Уж на что отвратительны Василиск Бородавкин и Дементий Брудастый, но и у них были какие-то, пусть извращенные, дикие проявления человеческих свойств — воинственная предприимчивость или безумная ярость.
В числе же элементов, составлявших природу Угрюм-Бурчеева, отсутствовали всякие следы страстности, замененной «непреклонностью, действовавшею с регулярностью самого отчетливого механизма». Идеалом его была прямая линия, доведенная до наготы. «Рождалось какое-то совсем особенное чувство, в котором первенствующее значение принадлежало не столько инстинкту личного самосохранения, сколько опасению за человеческую природу вообще», никаких естественных проявлений которой он не понимал; разума не признавал вовсе.
Угрюм-Бурчеев символизирует идею самовластия в ее, так сказать, до предела очищенном виде — очищенном от каких бы то ни было случайностей, извилин и красок, очищенном от всякой живой, движущейся, переливающейся человечности, — власть в ее стерильном, беспримесном виде. Портрет Угрюм-Бурчеева, сохранившийся в городском архиве, — это лицо такой власти.

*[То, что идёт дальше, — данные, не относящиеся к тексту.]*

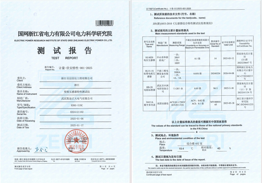 校準(zhǔn)圍繞對(duì)儀器的變比精度、角差控制、伏安特性曲線擬合度等核心指標(biāo)進(jìn)行了多場(chǎng)景模擬測(cè)試。KDHG-518C變頻互感器特性測(cè)試儀具有操作簡(jiǎn)便、功能全面、測(cè)試精準(zhǔn)等特點(diǎn),廣泛應(yīng)用于各類CT(電流互感器)和PT(電壓互感器)的性能測(cè)試。此次通過(guò)國(guó)網(wǎng)浙江省電力有限公司電力科學(xué)研究院的校準(zhǔn),充分證明了KDHG-518C在技術(shù)指標(biāo)、測(cè)試精度和穩(wěn)定性等方面的可靠表現(xiàn)。

«Это мужчина среднего роста, с каким-то деревянным лицом, очевидно, никогда не освещавшимся улыбкой. Густые, остриженные под гребенку и как смоль черные волосы покрывают конический череп и плотно, как ермолка, обрамливают узкий и покатый лоб. Глаза серые, впавшие, осененные несколько припухшими веками; взгляд чистый, без колебаний; нос сухой, спускающийся от лба почти в прямом направлении книзу; губы тонкие, бледные, опушенные подстриженною щетиной усов; челюсти развитые, но без выдающегося выражения плотоядности, а с каким-то необъяснимым букетом готовности раздробить или перекусить пополам. Вся фигура сухощавая с узкими плечами, приподнятыми кверху, с искусственно выпяченною вперед грудью и с длинными, мускулистыми руками. Одет в военного покроя сюртук, застегнутый на все пуговицы... Кругом — пейзаж, изображающий пустыню, посреди которой стоит острог; сверху, вместо неба, нависла серая солдатская шинель...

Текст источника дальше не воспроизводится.